Может, эта история сулила мне мало хорошего, но мои мечтания были круче любых метаморфоз реальности, какие когда-либо могли возникнуть на моем пути.
— Си-би-эс! Грандиозно, Сид. Ну, скажи…
Я опустил Фрэн на пол. Она выскользнула из моих рук, неловко прислонилась к стене, выпрямилась. Впрочем, я почти не обратил на это внимания. Я смотрел на Сида. Вид у Сида был какой-то неважный. Я-то от ликования был на седьмом небе, а у Сида вид был такой, будто его мутит.
— Что такое? — спросил я, боясь спрашивать что-либо еще.
— Ну… Дело в том… — Сид изо всех сил выдавливал из себя слова, но разговор явно был для него пыткой.
— Что такое?
— Они приедут слушать Фрэнсис… Только Фрэнсис.
Вот так.
— Мне не хотелось, чтобы ты узнал об этом из вторых рук. Мне не хотелось… Вы с Фрэнсис настоящие друзья, и мне не хотелось, чтобы ты подумал…
Вот так. На какой-то миг я позволил своим фантазиям ожить, и их тотчас же у меня похитили, их растоптали. Я боялся встречаться глазами с Сидом и Фрэн. Я не мог смотреть на них, так мне было стыдно за то маленькое представление, которое я только что устроил — визжал как девчонка, вообразив на один сумасшедший миг, что какой-то телевизионный чиновник или искатель талантов захочет иметь дело с Джеки Манном. С какой это стати? С какой стати вообще кто-то захочет иметь хоть что-то общее с… каким-то черномазым ничтожеством.
Мне было больно. Физически больно. Меня опутала острая, как бритва, нескончаемая колючая проволока унижения, и я корчился от боли. Я вспоминал многочисленные отцовские побои, но сейчас пощечины, оплеухи и подзатыльники, которые он обрушивал на мою голову, казались чепухой по сравнению с этим ударом, нанесенным моей душе.
Голоса.
Голоса надо мною. Фрэн и Сид. Я слышал их из глубокой ямы, на самое дно которой свалился.

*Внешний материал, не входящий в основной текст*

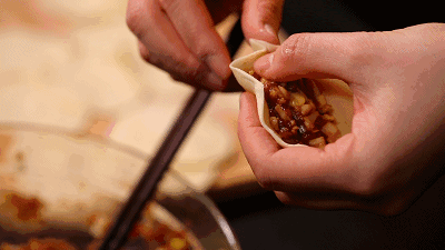 取两张饺子皮,其中一张放入适量馅,另一张盖住饺子皮,将其一圈捏紧,随后像锁边饺子包法一样捏出花边。
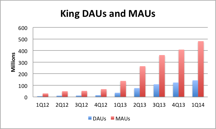 King revealed in its pre-IPO documents that Candy Crush accounted for 78% of total bookings, which created a dangerous dependency even in an industry known for dependency. Zynga, for example, tied 64% of its overall first-quarter online game revenue to three titles: Farmville 2, Zynga Poker, and Farmville. But King's situation improved in the first quarter.
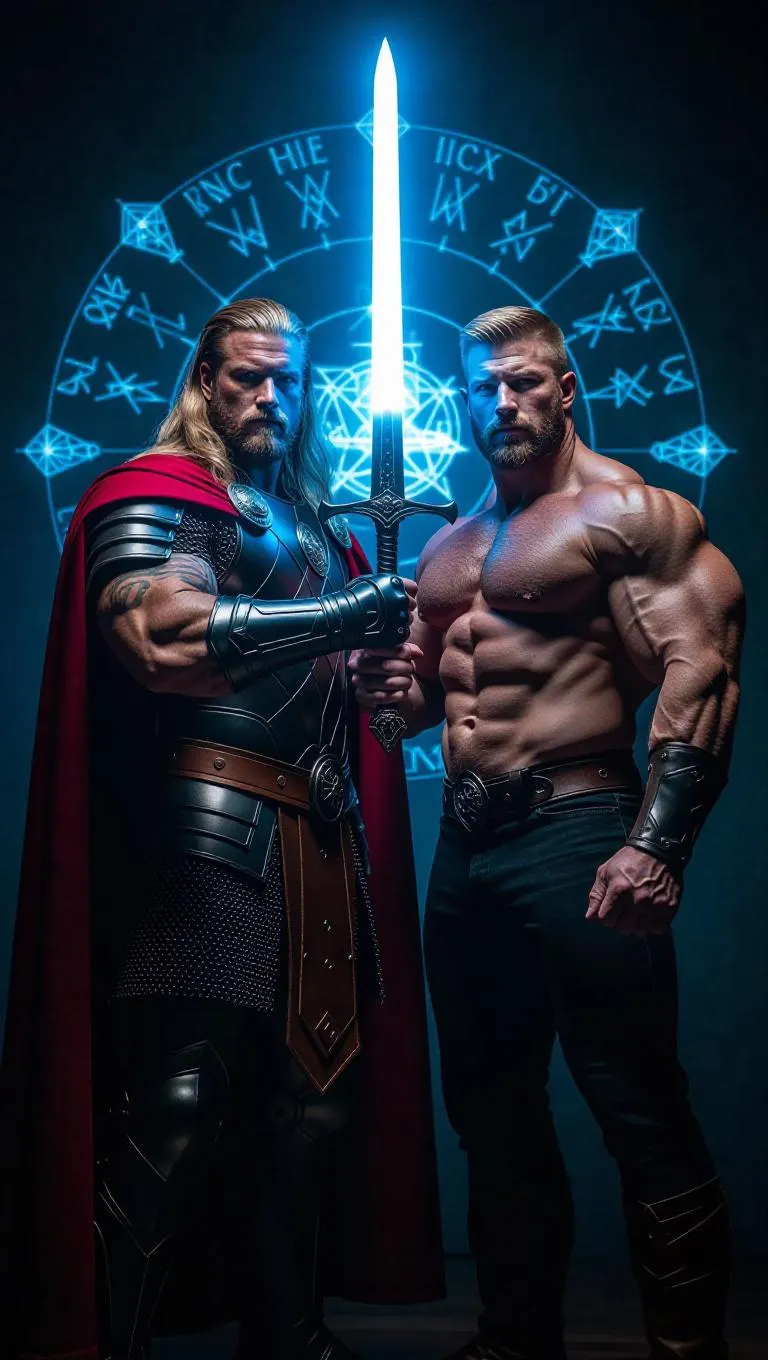 King Arthur, wielding a glowing Excalibur, casts powerful magick spells, surrounded by mystical runes and ethereal light. Jay Cutler, a ginger muscle bodybuilder, stands confidently beside him, exuding strength and determination, both heroes ready for an epic quest.
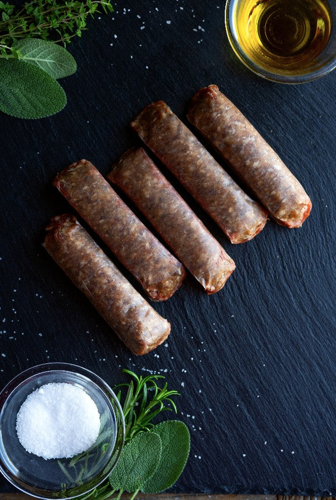 Delicious Akaushi Wagyu Beef Sage Breakfast Links. (8) 2 oz links sold in 1 lb. packs.
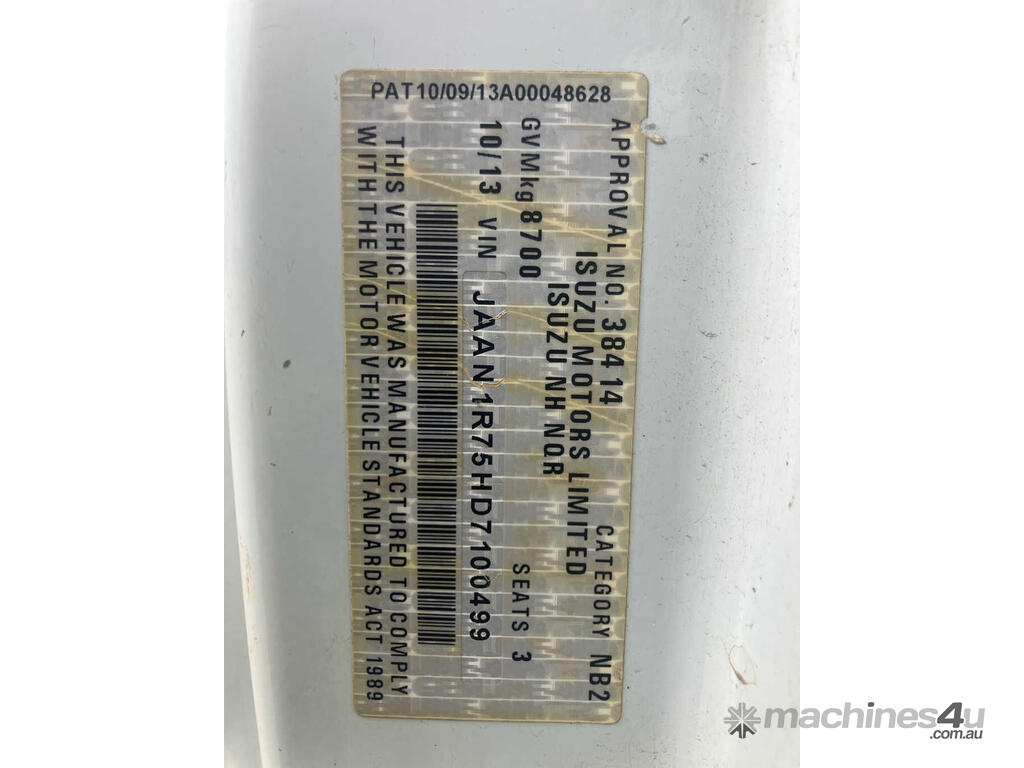 CP: 10/2013,Isuzu,NQR450 MWB,Service Body,Manual,Spring,4 Cyl,Diesel,Turbo,216163 (Kms. Showing on Odometer),Hourmeter not visible,Colour: White,Rego. No: CA80ES NSW,VIN: JAAN1R75HD7100499,Length: 6.2 m,GVM: 8700,GCM: 12200,Sold with No Plates

— Ты можешь с ними поговорить?
— Я пытался. Я пытался го…
— Три минуты. Попроси их послушать Джеки только три минуты…
— Они знают Джеки, знают про него.
— Тогда они знают, какой он смешной. Ну, так что им стоит послушать всего пару минут…
— Дело не в том, что они не… Они сказали… Они сообщили мне, что не…
Я пробормотал:
— Что у них ничего нет для негров. — Вот она, правда. Мне надоело слушать их недомолвки, и я сказал это. — Фрэн, при чем тут смешной или не смешной. Я же негр! Они не собираются показывать негров по телевизору — а, Сид?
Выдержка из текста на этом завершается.